FACULTY and AFFLIATED SCIENTISTS
Vivien Tartter
Psycholinguistics
(212)
650-5709
email: vickyt@aol.com
Professor Tartter's interests in psycholinguistics are from a multidisciplinary approach, including principally, cognitive psychology and linguistics, but also neurolinguistics, computer science, sociolinguistics and education. In the last three years she has been engaged in administration with concomitant slowing of research productivity, as Acting Dean of the Division of Social Science.
Dr. Tartter has three published books: a 1986 textbook, Language Processes, and a two volume revision published in 1998 by Sage Publications, Inc.: Language and Its Normal Processing and Language in Atypical Populations. Over the last ten years, Dr. Tartter has worked in normal speech perception (focusing on identification of content, speaker and emotion information in normal and whispered speech), speech perception and speech production processes in cochlear inplant patients (profoundly deafened individuals with a prosthesis which electrically stimulates auditory nerve fibres to produce a sound sensation), an educational intervention to improve literacy and academic orientation of Harlem schoolchildren, and most recently, an ERP study on metaphor comprehension resolving a critical question as to whether metaphors are initially seen as anomalous and then reprocessed or whether the correct meaning is constructed from the get-go. Future and current research projects continue work in normal speech and language, moving into auditory and speech processing with learning disabilities, and into the exploring the changing nature of language as a result of instant read/write in instant messages and chatrooms.
Dr.
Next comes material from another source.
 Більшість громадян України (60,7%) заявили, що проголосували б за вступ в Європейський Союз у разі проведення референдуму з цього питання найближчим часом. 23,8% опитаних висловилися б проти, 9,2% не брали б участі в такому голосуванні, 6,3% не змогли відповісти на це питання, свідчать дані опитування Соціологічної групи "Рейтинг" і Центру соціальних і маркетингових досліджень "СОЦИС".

Tartter's research has been supported by the National Science Foundation, National Institute of Deafness and Other Communication Disorders, and the Department of Education's Fund for the Improvement of Post-secondary Education.
Sample publications include:
(1) “Hearing smiles and frowns in normal whisper registers,” Journal of the Acoustical Society of America, 96, (1994)
(2) “Speech changes following reimplantation from a single-channel to a multichannel cochlear implant", Journal of the Acoustical Society of America, 92, (1992)
(3) Tartter, V. (1998). Language and its normal processes. Sage
(4) Tartter, V. (1998).Language in atypical populations. Sage
(5) Tartter, V. , Gomes, H. Dubrovsky, B., Molholm, S., & Vala Stewart, R. (2002). Novel metaphors appear anomalous at least momentarily: Evidence from N400. Brain and Language, 80, 488-509.